### Records to process
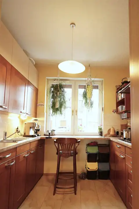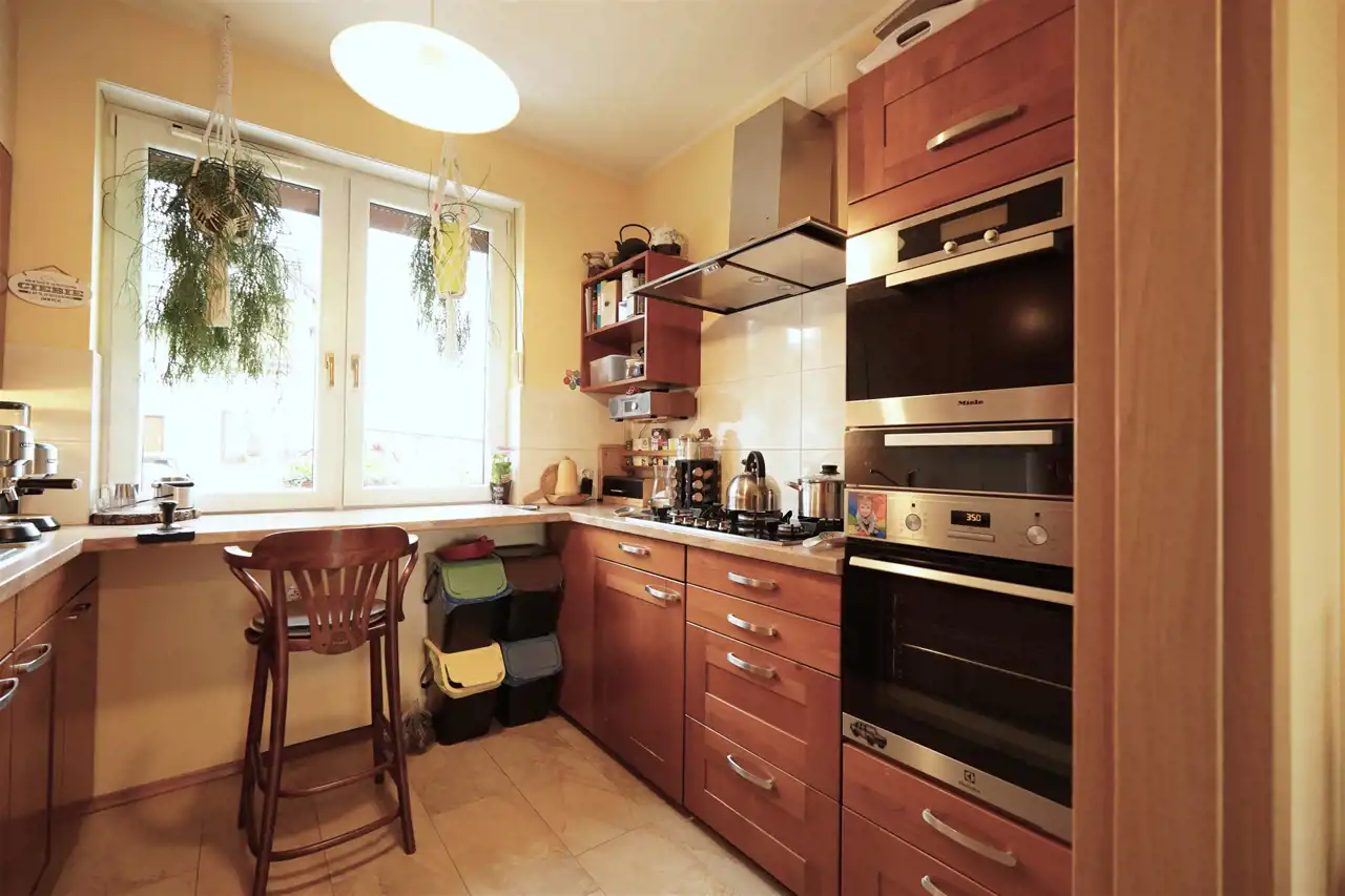 Kuchnia zabudowana szafkami na wymiar wyposażona w sprzęt AGD bardzo dobrej klasy(okap, płyta gazowa, zmywarka, piekarnik elektryczny, lodówka).
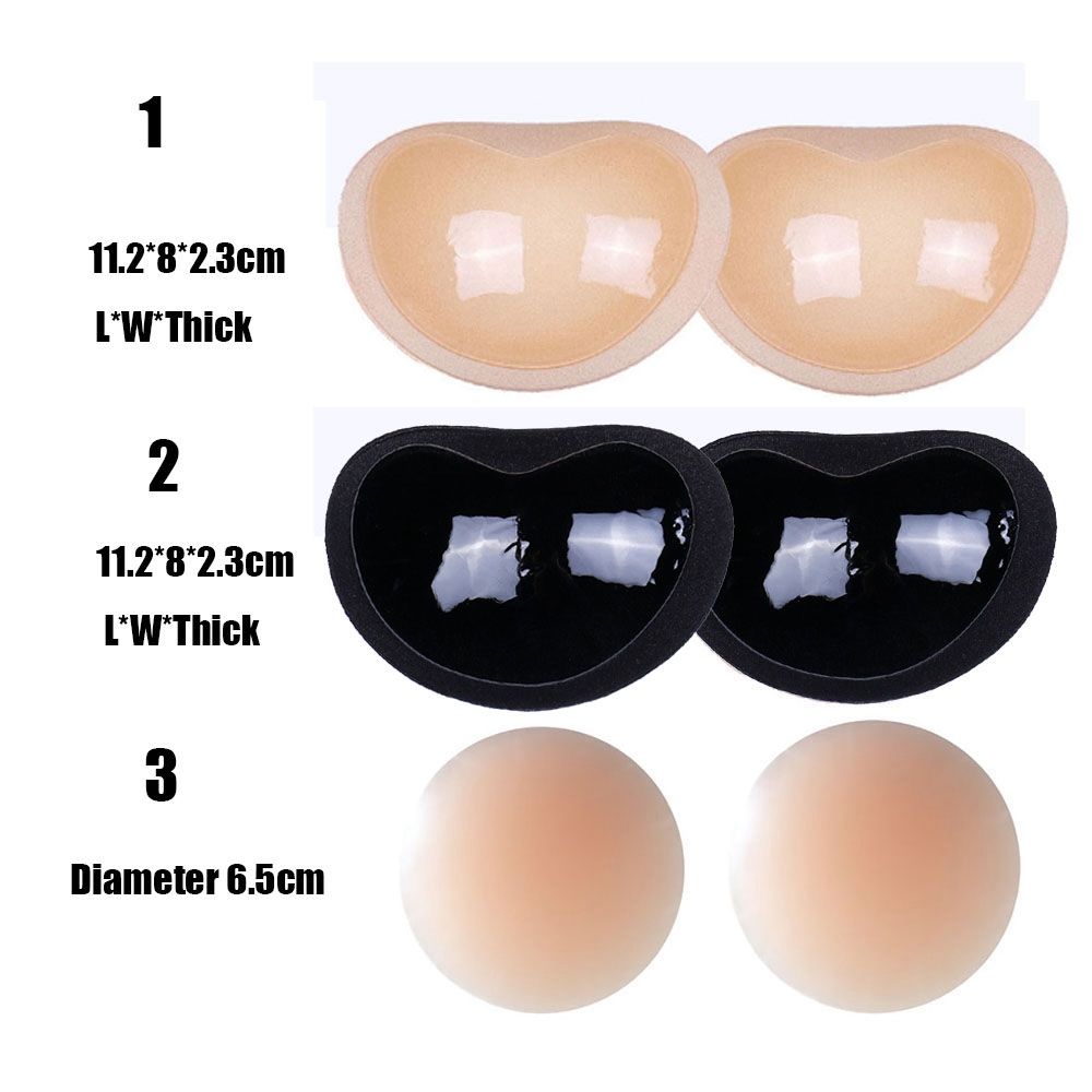 100% Brand New with high qualityGender:WomenColor: Black ,BeigeMaterial: Silicone.Light clothFeatures:Bikini,Swimmsuit,UnderwearStyle 1 and style 2 size:11.2*8*2.3cm/4.41in*3.15in*0.91in(L*W*Thick)Style 3 diameter:6.5cm/2.56''Quantity:1pairFeatures:1.Made of quality silicone material that is skin-friendly, comfortable and safe to use2.Self adhesive material, strong viscosity, prevent allergy and shift, not easy to fall off.3.Thin edges are invisible to ensure the nipple not seen under clothing and provide a natural look.4.Soft touch feeling of silicone gives comfortable wearing experience5.Washable and reusable, money-saving, protects sensitive nipples6.Long and trimmable tape lift for adjustable height, lift and gather your chest and then shape a deep cleavage as well as round chest.7.Perfect solution to ensure your nipples not show and keep your breasts lifted while going bra-less8.Can be used as undergarments for swimwear, wedding gowns, formal dresses, backless and revealing tops that may not provide enough coverage for wearing a full bra.Package Content:1 Pair Silicone Bra PadNote:1.Please allow 1-3mm errors due to manual measurement.2.Due to the difference between different monitors,there are color differences,pls take the real product as the standard!
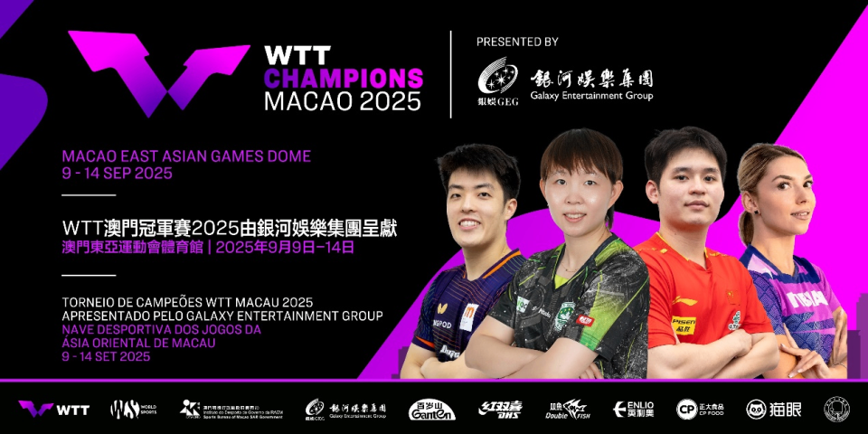 WTT澳门冠军赛将于9月9日至14日举行
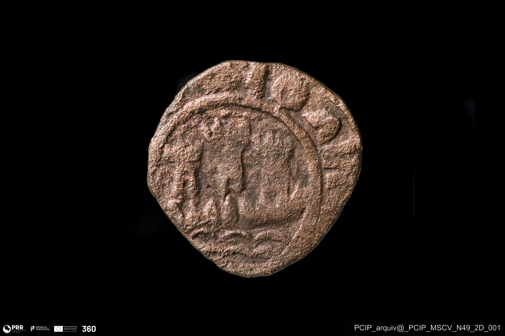 Matéria/Técnica: Metal; Cronologia: Indeterminada; Autoria: Desconhecida; Dimensões: Diâmetro: 16,5mm; Espessura: 1mm.
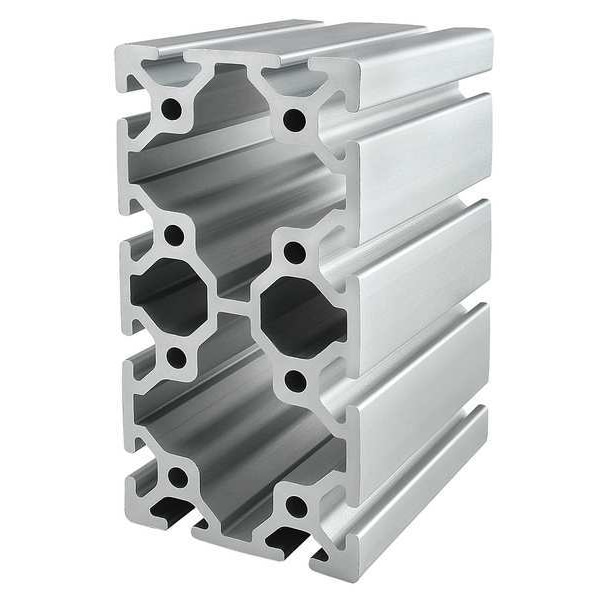 T-Slot, Metric, Quad, Silver, Weight per Unit Length 8.7 lb-ft, Bore Diameter 6.81 mm, Extrusion Texture Smooth, Nominal Length 13 ft, Aluminum, Number of Open Slots 12, Profile Height 160 mm, Profile Width 80 mm, Overall Length 4 m, 40 Series, Rectangle, Slot Width 8.1 mm, Yield Strength 241.1 N/mm�, Relative Profile Weight Standard, Slot Location Adjacent-Sides, Finish Anodized, Temper T6
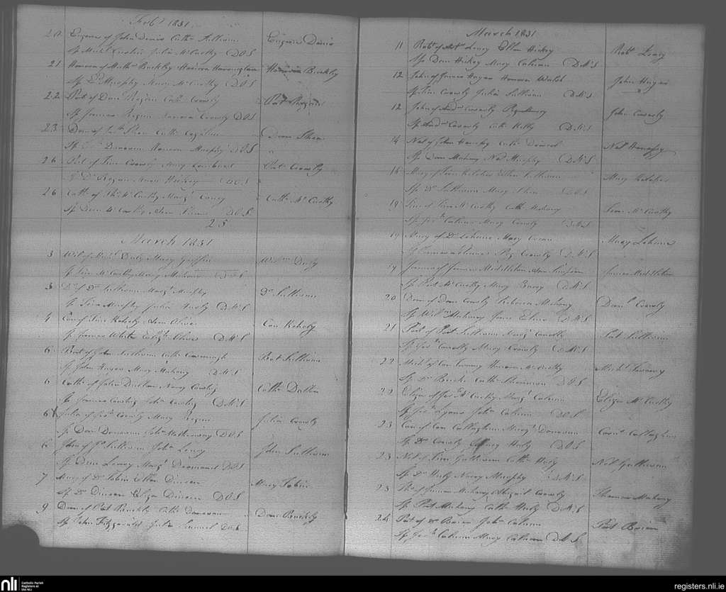 Bandon; County of Cork; Diocese of Cork and Ross. Baptisms, Feb. 1831 to Mar. 1831
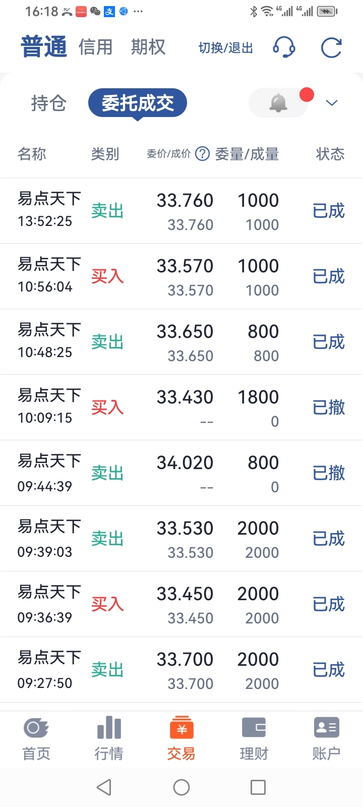 $易点天下(SZ301171)$ 今天还是老套路高抛低吸,回血了3000元,终于翻红了,坚持到底。
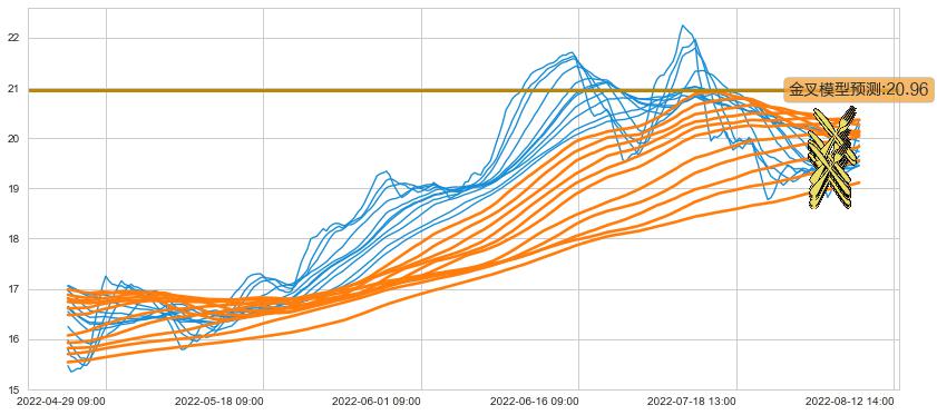 ➣ 60小时均线于(08-08 14:00: 20.08)形成【金叉】基于【金叉历史模型】预测金叉后最高波峰价格: 21.78, 金叉后最高价格20.91,尚未达到预测最高波峰价格, 预期继续上涨
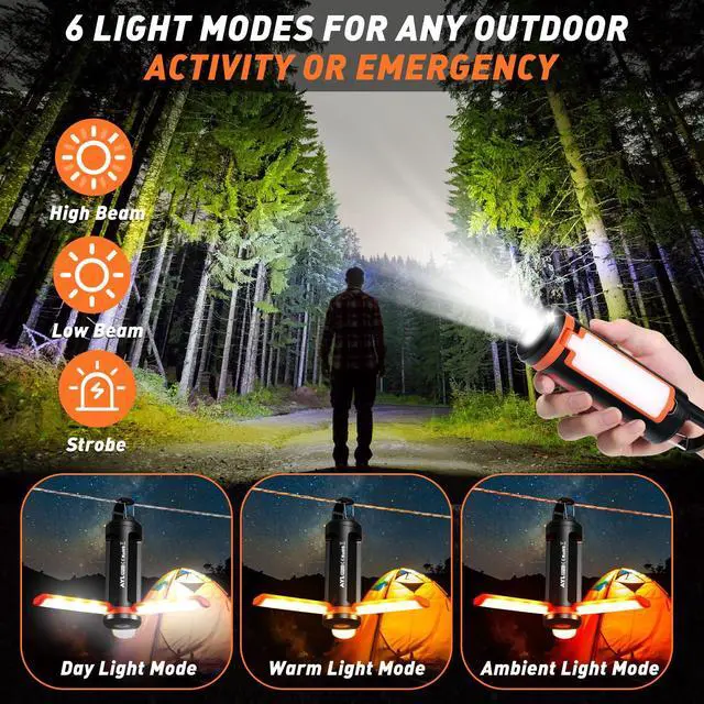 6 Adjustable Rechargable Lamp Light Modes + Foldable Panels- Switch easily between high beam, low beam, strobe, daylight, warm light, and ambiance mode for reading, tasks, or wide-area lighting.
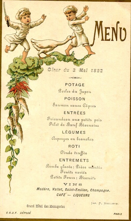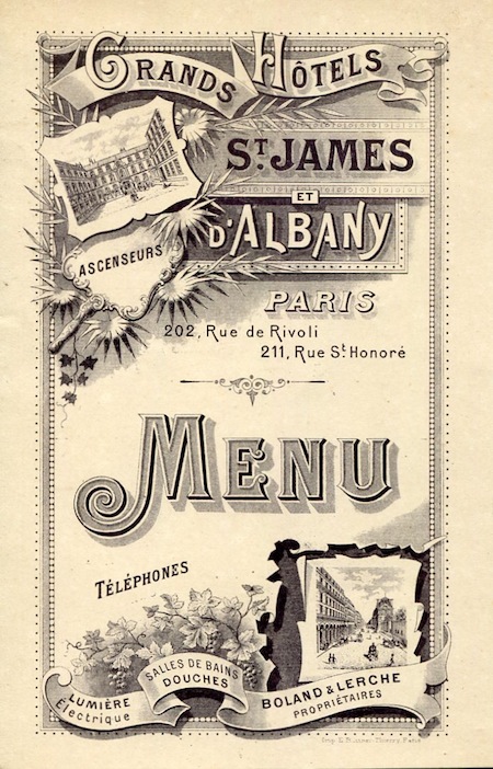 France Paris Menu Grand Hotel St James 1900
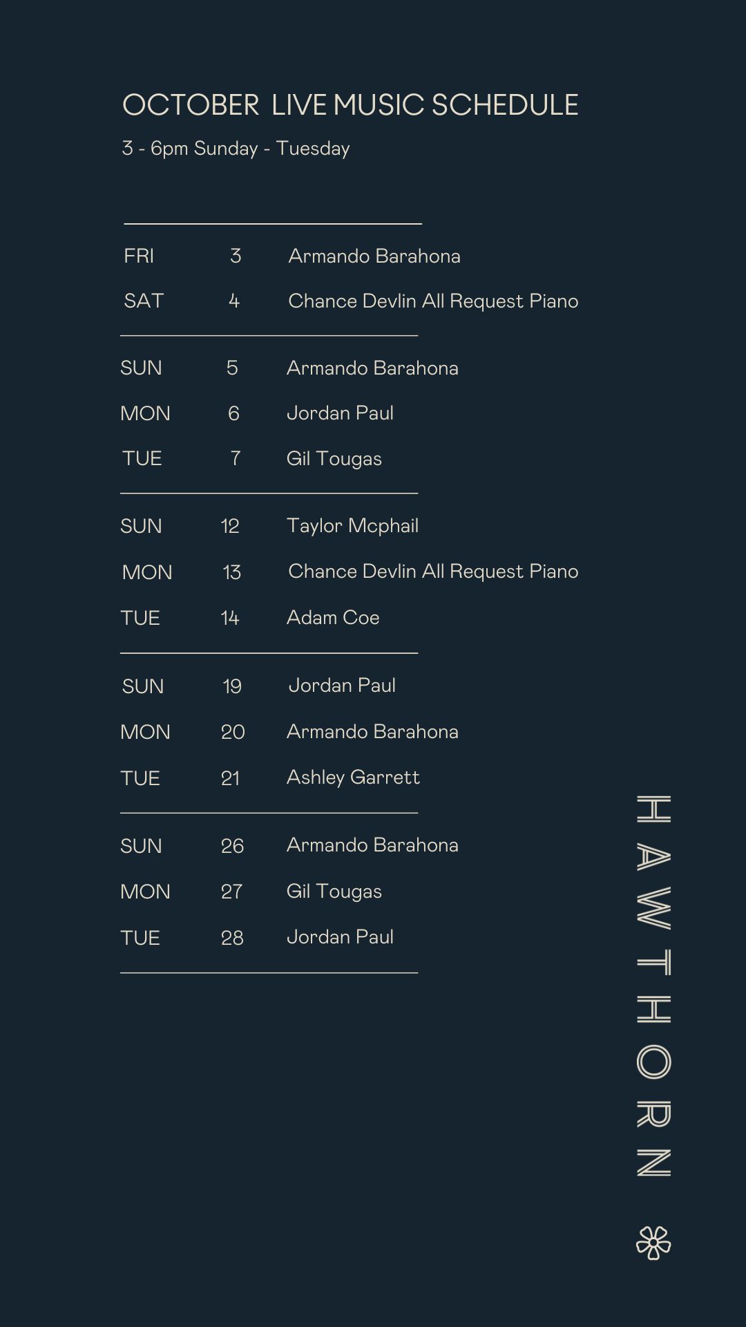 Every Sunday to Tuesday from 3 - 6pm, sip on cocktails and unwind to the soulful sound of live music.
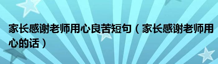大家好,雨雨来为大家解答以上问题,家长感谢老师用心良苦短句,家长感谢老师用心的话很多人还不知道,现在让我们一起来看看吧!
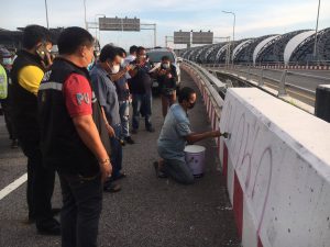 ท่าอากาศยานสุวรรณภูมิร่วมกับศูนย์ปฏิบัติการพิเศษ ทอท. กองกำกับการ 3 กองบังคับการตำรวจท่องเที่ยว และ สถานีตำรวจภูธรท่าอากาศยานสุวรรณภูมิ จับกุมผู้ต้องหาพ่นสีแนวกั้นถนนทางยกระดับสาย 1 (ขาออกท่าอากาศยานสุวรรณภูมิ)
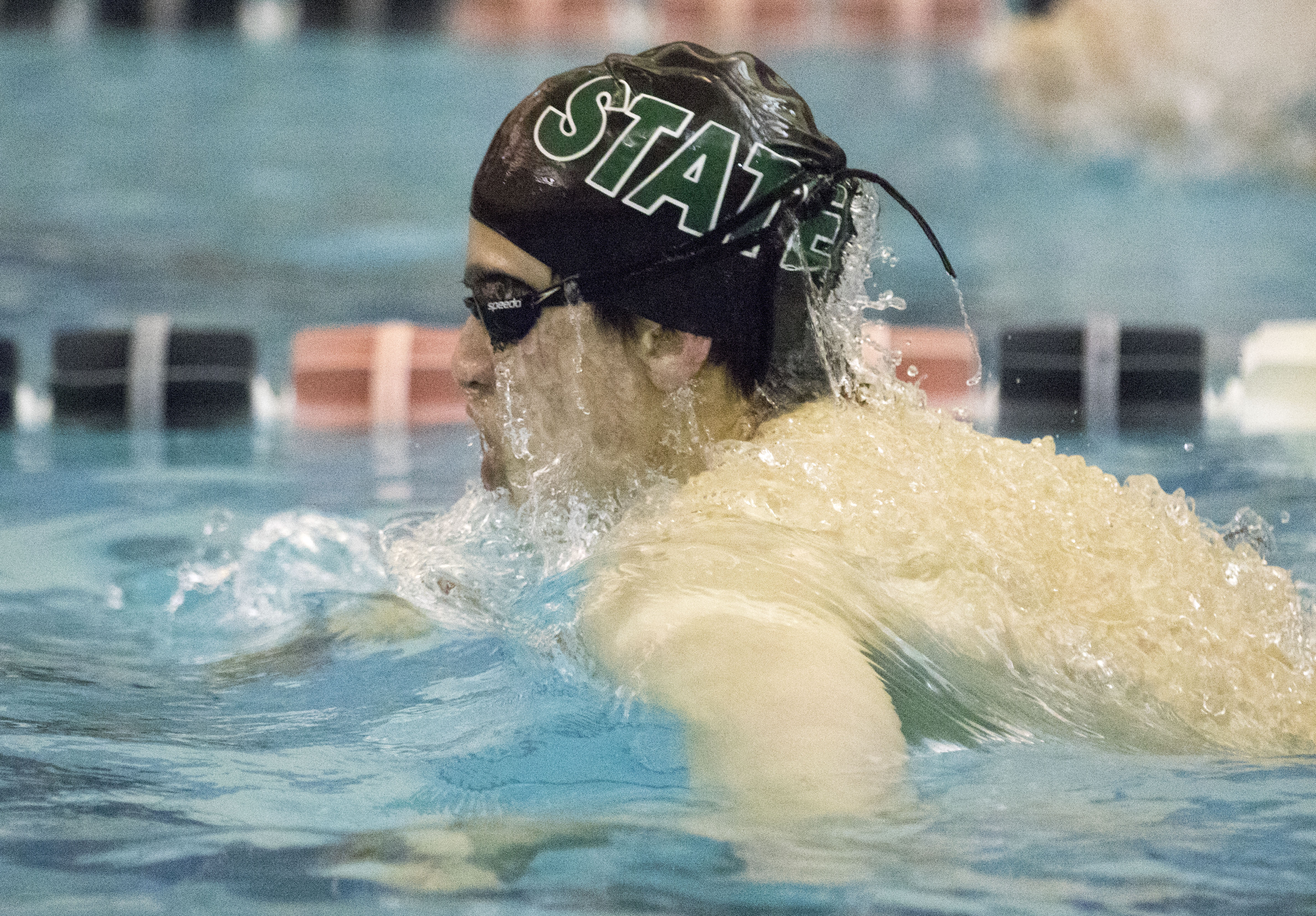 Free State High junior Evan Yoder competes in the 100 yard breaststroke event at the Sunflower League Boys Swimming and Diving Championships Saturday afternoon in Olathe.

### Work required
Every line of the material above must be written out exactly, with no pictures.

### Exercise answer
 Kuchnia zabudowana szafkami na wymiar wyposażona w sprzęt AGD bardzo dobrej klasy(okap, płyta gazowa, zmywarka, piekarnik elektryczny, lodówka).
 100% Brand New with high qualityGender:WomenColor: Black ,BeigeMaterial: Silicone.Light clothFeatures:Bikini,Swimmsuit,UnderwearStyle 1 and style 2 size:11.2*8*2.3cm/4.41in*3.15in*0.91in(L*W*Thick)Style 3 diameter:6.5cm/2.56''Quantity:1pairFeatures:1.Made of quality silicone material that is skin-friendly, comfortable and safe to use2.Self adhesive material, strong viscosity, prevent allergy and shift, not easy to fall off.3.Thin edges are invisible to ensure the nipple not seen under clothing and provide a natural look.4.Soft touch feeling of silicone gives comfortable wearing experience5.Washable and reusable, money-saving, protects sensitive nipples6.Long and trimmable tape lift for adjustable height, lift and gather your chest and then shape a deep cleavage as well as round chest.7.Perfect solution to ensure your nipples not show and keep your breasts lifted while going bra-less8.Can be used as undergarments for swimwear, wedding gowns, formal dresses, backless and revealing tops that may not provide enough coverage for wearing a full bra.Package Content:1 Pair Silicone Bra PadNote:1.Please allow 1-3mm errors due to manual measurement.2.Due to the difference between different monitors,there are color differences,pls take the real product as the standard!
 WTT澳门冠军赛将于9月9日至14日举行
 Matéria/Técnica: Metal; Cronologia: Indeterminada; Autoria: Desconhecida; Dimensões: Diâmetro: 16,5mm; Espessura: 1mm.
 T-Slot, Metric, Quad, Silver, Weight per Unit Length 8.7 lb-ft, Bore Diameter 6.81 mm, Extrusion Texture Smooth, Nominal Length 13 ft, Aluminum, Number of Open Slots 12, Profile Height 160 mm, Profile Width 80 mm, Overall Length 4 m, 40 Series, Rectangle, Slot Width 8.1 mm, Yield Strength 241.1 N/mm�, Relative Profile Weight Standard, Slot Location Adjacent-Sides, Finish Anodized, Temper T6
 Bandon; County of Cork; Diocese of Cork and Ross. Baptisms, Feb. 1831 to Mar. 1831
 $易点天下(SZ301171)$ 今天还是老套路高抛低吸,回血了3000元,终于翻红了,坚持到底。
 ➣ 60小时均线于(08-08 14:00: 20.08)形成【金叉】基于【金叉历史模型】预测金叉后最高波峰价格: 21.78, 金叉后最高价格20.91,尚未达到预测最高波峰价格, 预期继续上涨
 6 Adjustable Rechargable Lamp Light Modes + Foldable Panels- Switch easily between high beam, low beam, strobe, daylight, warm light, and ambiance mode for reading, tasks, or wide-area lighting.
 France Paris Menu Grand Hotel St James 1900
 Every Sunday to Tuesday from 3 - 6pm, sip on cocktails and unwind to the soulful sound of live music.
大家好,雨雨来为大家解答以上问题,家长感谢老师用心良苦短句,家长感谢老师用心的话很多人还不知道,现在让我们一起来看看吧!
 ท่าอากาศยานสุวรรณภูมิร่วมกับศูนย์ปฏิบัติการพิเศษ ทอท. กองกำกับการ 3 กองบังคับการตำรวจท่องเที่ยว และ สถานีตำรวจภูธรท่าอากาศยานสุวรรณภูมิ จับกุมผู้ต้องหาพ่นสีแนวกั้นถนนทางยกระดับสาย 1 (ขาออกท่าอากาศยานสุวรรณภูมิ)
 Free State High junior Evan Yoder competes in the 100 yard breaststroke event at the Sunflower League Boys Swimming and Diving Championships Saturday afternoon in Olathe.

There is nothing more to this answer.